Although Dr. Mertz says her specialty has always been contact lens fittings, she has recently become the go-to person for bifocals and bifocal contacts. “I just became presbyopic myself, so I know what it’s like to reach an age where you can’t read anymore,” she says. “I guess I didn’t really get it until now, when it happened to me.” She uses her personal experience to help Baby Boomers deal with the issues that arise from aging eyes. Now she draws a large group of middle-age customers who want bifocal glasses and contacts.
But Dr. Mertz is not content to just sit back and wait for patients to come to her. She gives talks in offices throughout the Cordage Park complex, encouraging people to take care of their vision and explaining the warning signs and treatments for problems like glaucoma and cataracts. She networks with a local women’s business group through the chamber of commerce, getting the word out about her practice and its specialties. And, of course, her parents refer all their friends.

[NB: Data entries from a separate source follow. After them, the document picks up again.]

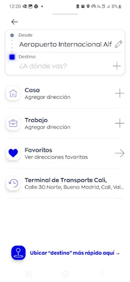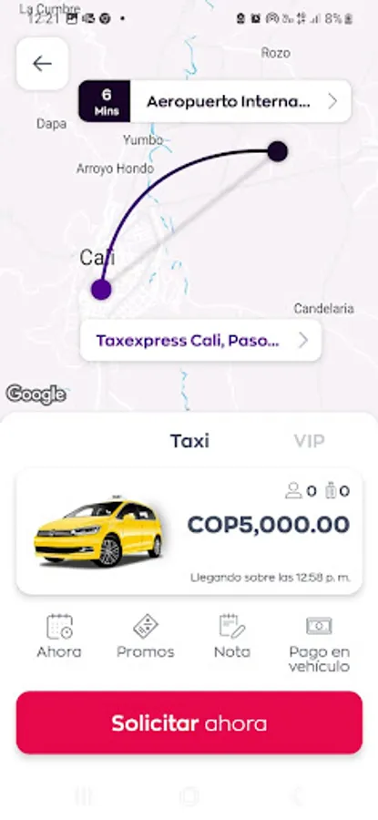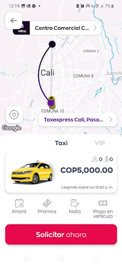 • Request a taxi in the city of Cali.
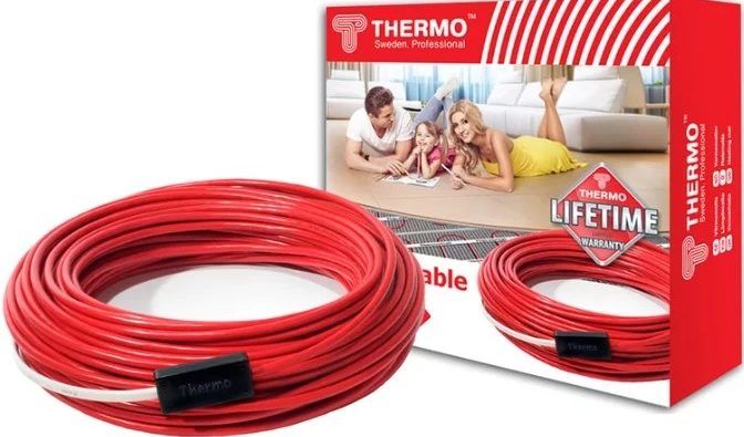 Underfloor heating, which is a single-core shielded heating cable. It has an oval section of 7x4 mm. This underfloor heating model can be used for both additional heating and main heating. In the second case, to obtain full heat, the heating area should not exceed 1.9 m2... It is recommended to use it for heating walk-through rooms, balconies, hallways. Manufacturer's warranty - 17 years. Made in Russia.
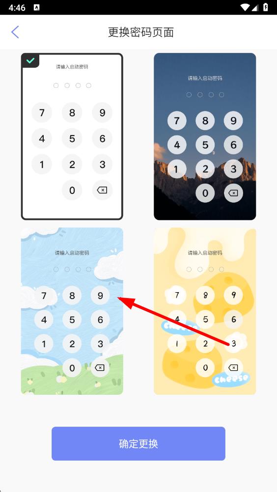 3、在更換密碼頁(yè)面,選擇你想要更換的密碼界面壁紙樣式。
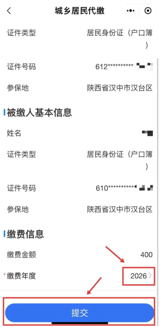 第一步:先进行家庭共济绑定(已绑定的可以跳过这一步)。 1.支付宝/微信搜索“陕西医保”小程序,进入→登录 2.点击“服务”→进行“家庭共济绑定” 3.输入被绑定人身份信息,完成签名后提交 第二步:进入个账代缴。 1.点击“服务”→“个账代缴” 2.选择家庭成员,点击“代缴” 3.选择“2026”年度→“提交” 第三步:代缴信息查询。 点击“服务”→“代缴信息”
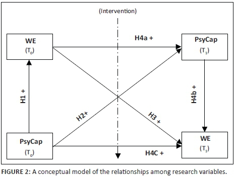 Hypothesis 1 (H1): Psychological capital (hope, optimism, self-efficacy and resiliency) is positively associated with work engagement both before (T0) and after (T1) the intervention.

Dr. Mertz is also able to work with uninsured patients to provide them with the care they need. “I spent time working in a homeless shelter when I was in optometry school,” she says. “It’s a good service and we can provide them with quality frames and take care of their vision.”

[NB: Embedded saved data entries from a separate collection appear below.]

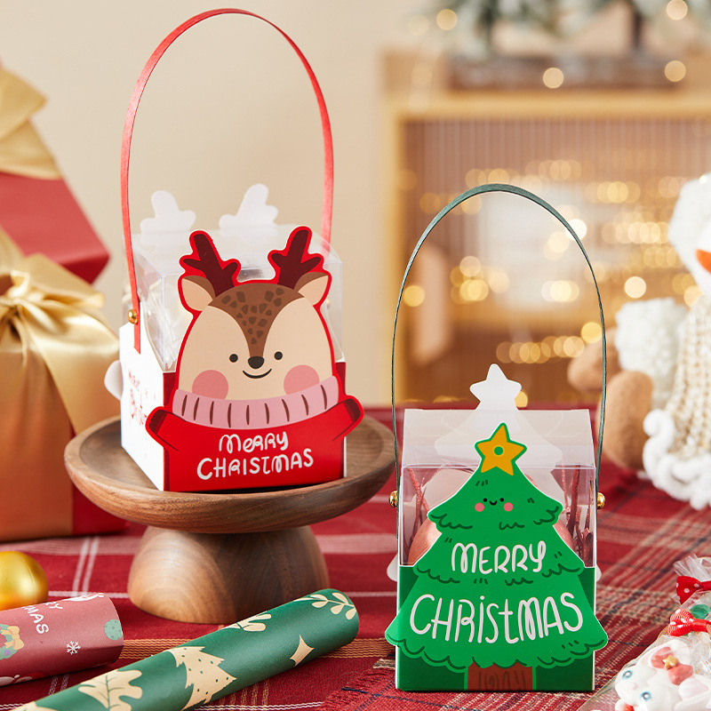 クリスマスリンゴ包装箱霜砂糖ビスケット雪花ショートニング牛圧延砂糖果間食手提げプレゼント透明包装箱
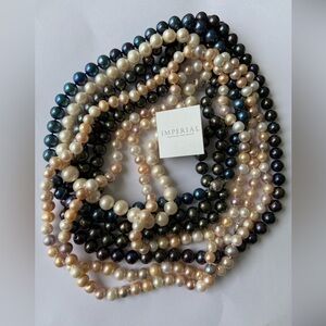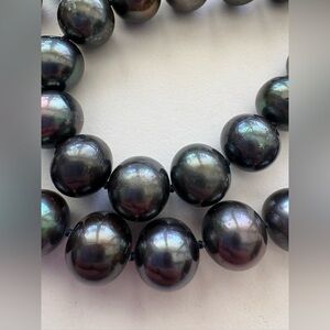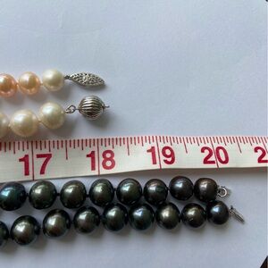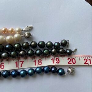 From my pearl collecting phase, bought these beauties but didn’t wear them often, listing as EUC. There are various lengths and colors in my closet, this listing is for the black 20” strand. Additional photos included to show the colors compared to other colors of pearls. About 10mm diameter
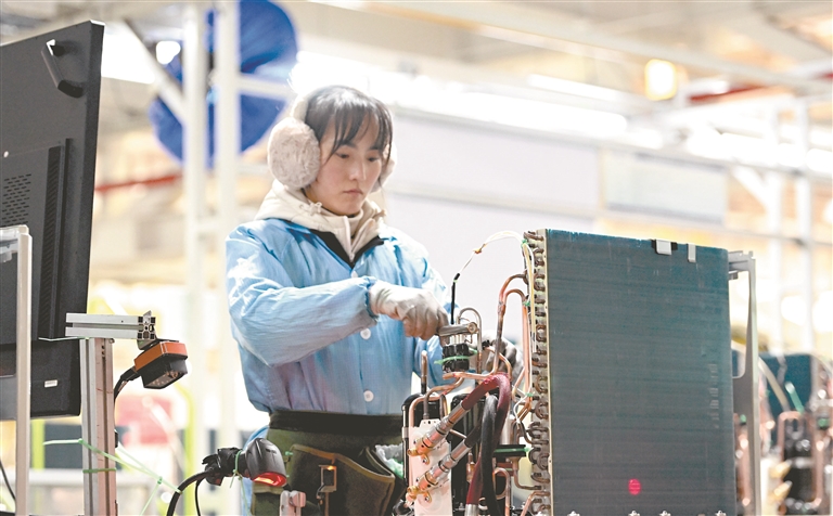 1月29日,在江苏省南京江宁高新技术产业开发区,工人在格力电器(南京)有限公司生产线上忙碌。新华社发(杨素平摄)

But that’s not the only thing Dr. Mertz has done for a good cause. Last Labor Day weekend, she swam a mile in the Atlantic Ocean to raise money for the National Eye Institute. She and her two college-aged children, Valerie, 20, and Vincent, 19, participated in the Mayflower International Triathlon that included a 30-mile bike ride completed by Vincent and a 6.2-mile run completed by Valerie. “At first the children were going to do it themselves, but the swimming part got a little bit daunting,” Dr. Mertz says. “So they figured they’d ask mom to do it, since they know I love to swim.” After months of training Dr. Mertz completed her mile-long swim in the harbor in front of her office park and raised a small but helpful sum of money to donate to the institute.
Of course, all the networking and advertising in the world wouldn’t matter if Dr. Mertz didn’t have the quality service and inventory to provide to her new customers. “I have very nice reps who come in and keep me up-to-date,” she says. “We try to keep our frame boards current.” With about 700 frames on display, all hand-picked by Dr. Mertz, it’s easy to offer multiple options to customers with confidence. “I would wear any frame that’s in my dispensary,” says Dr. Mertz. Popular brands she sells range from Gucci, Burberry and Ralph Lauren to Vogue and Luxottica’s Memorize line.

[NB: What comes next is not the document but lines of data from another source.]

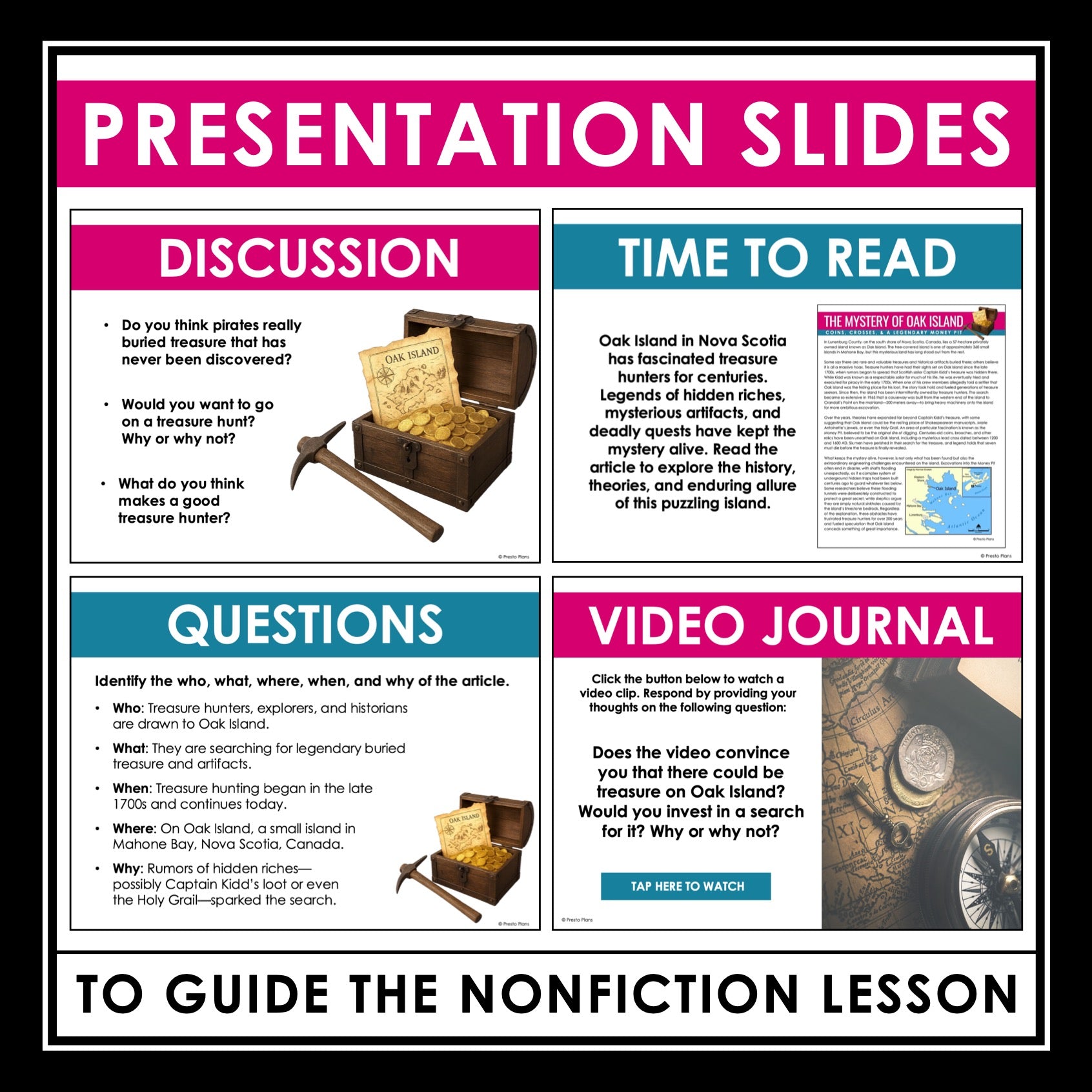 ➡️ Oak Island Mystery Presentation Slides: Use this PowerPoint presentation to guide you through every element of the lesson. From pre-reading discussion questions to activity prompts and answer keys, each slide is crafted to facilitate engaging classroom discussions. Additionally, the presentation includes a link to a related video and a video writing prompt, enabling students to make meaningful text-to-self connections.
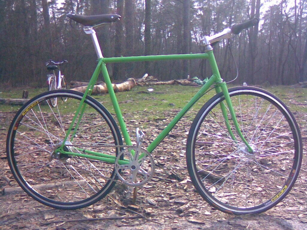 Велосипед собран не для длительных прохватов, для поездок на работы и просто по городу. Сейчас велосипед немного подшаманен, трос положил по советам бывалых, катафот на переднее колесо поставил. Фото пока нечем сделать.
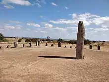 Reguengos de Monsaraz (/ʁɨˈɣẽɡuʒ ðɨ mõsɐˈɾaʃ/, rrih-GEHN-goozh thih mohn-suh-RAHZH) is one of the oldest Portuguese settlements of the southern Portugal, occupied since prehistory. Examples of permanent habitation include hundreds of megalithic monuments. These include the neolithic remains of: Megalithic Monuments of Herdade de Xerez, Olival da Pega Dolmens, Menhir of Bulhoa, Rocha dos Namorados Menhir and Outeiro Menhir. The hill, on which the main settlement is located, was a prehistoric fortification, or castro, that was the basis of pre-Roman occupation and funerary temples, carved from the local rock.
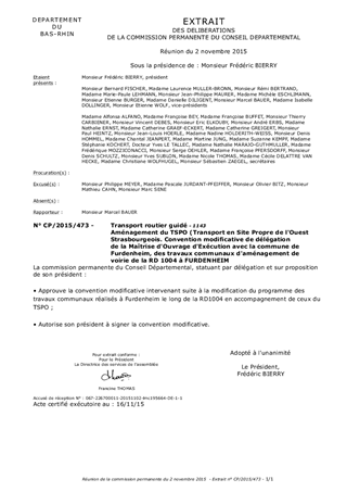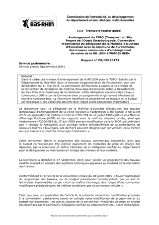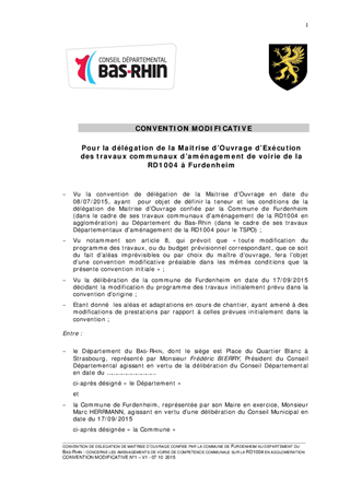 Dans le cadre des travaux d’aménagement de la RD1004 pour le TSPO réalisés par le Département du Bas-Rhin dans la traverse d’agglomération de Furdenheim, par une délibération du 11 mai 2015, la commission permanente a approuvé le principe et la convention de délégation de maîtrise d'ouvrage d'exécution entre le Département du Bas-Rhin et la Commune de Furdenheim. Cette délégation concerne des travaux communaux définis par la Commune dans un programme et qui seront effectués de manière concomitante. La Commune modifiant ce programme de travaux et le budget correspondant, ces variations doivent faire l’objet d’une convention modificative
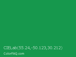 CIELab 55.24,-50.123,30.212 Color is a normal green color and the nearest color is Spanish Green #009150. Hex code #16984d and RGB value is rgb(22,152,77). In RGB color space, this color is composed of 9% red, 60% green, 30% blue, In CMYK color space, this color is composed of 86% cyan, 0% magenta, 49% yellow , 40% black , In HSL color space, this color has a hue angle of 145° , 75% saturation and 34% lightness.
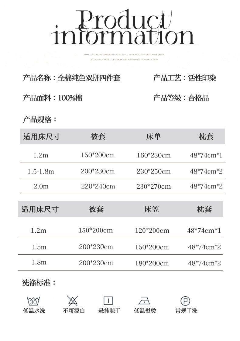 | Dimensions | 1.2 bed sheet three-piece set [quilt cover 150*200],1.5-sheet four-piece set [quilt cover 180*220],1.8-sheet four-piece set [quilt cover 180*220],1.5-sheet four-piece set [quilt cover 200*230],1.8-sheet four-piece set [quilt cover 200*230],2.0 bed sheet four-piece set [quilt cover 220*240],1.2 three-piece fitted sheet set [quilt cover 150*200],1.5 fitted sheet set of four [quilt cover 200*230],1.8 fitted sheet set of four [quilt cover 200*230],150*200cm single piece quilt cover,180*220cm single piece quilt cover,200*230cm single piece quilt cover,220*240cm single quilt cover |

In addition to picking all her stock, Dr. Mertz also uses an inventory system to keep track of her sales by computer. Every frame has a bar code so the OD can keep track of which frames sell the most, what hasn’t sold, etc., as well as give receipts and keep track of transactions for warranty claims or returns. “We want people to be 100 percent happy all the time,” she says. “I want people to see good, look good and feel good.” With every exam or frame purchase, she gives out cleaning cloths with her name and phone number on them. “I tell them, ‘See this number? This is for you to always call me,’” she says. “I will make calls during off hours to see someone. It’s better for them to see me immediately than to go to the ER and wait and wait and wait.”
Dr. Mertz’s love for her job is apparent in her dedication to quality service and customer satisfaction. “I love taking care of people and their vision,” she says. “It’s a lot of responsibility and an honor. I feel very privileged that I can take care of someone’s eyes.”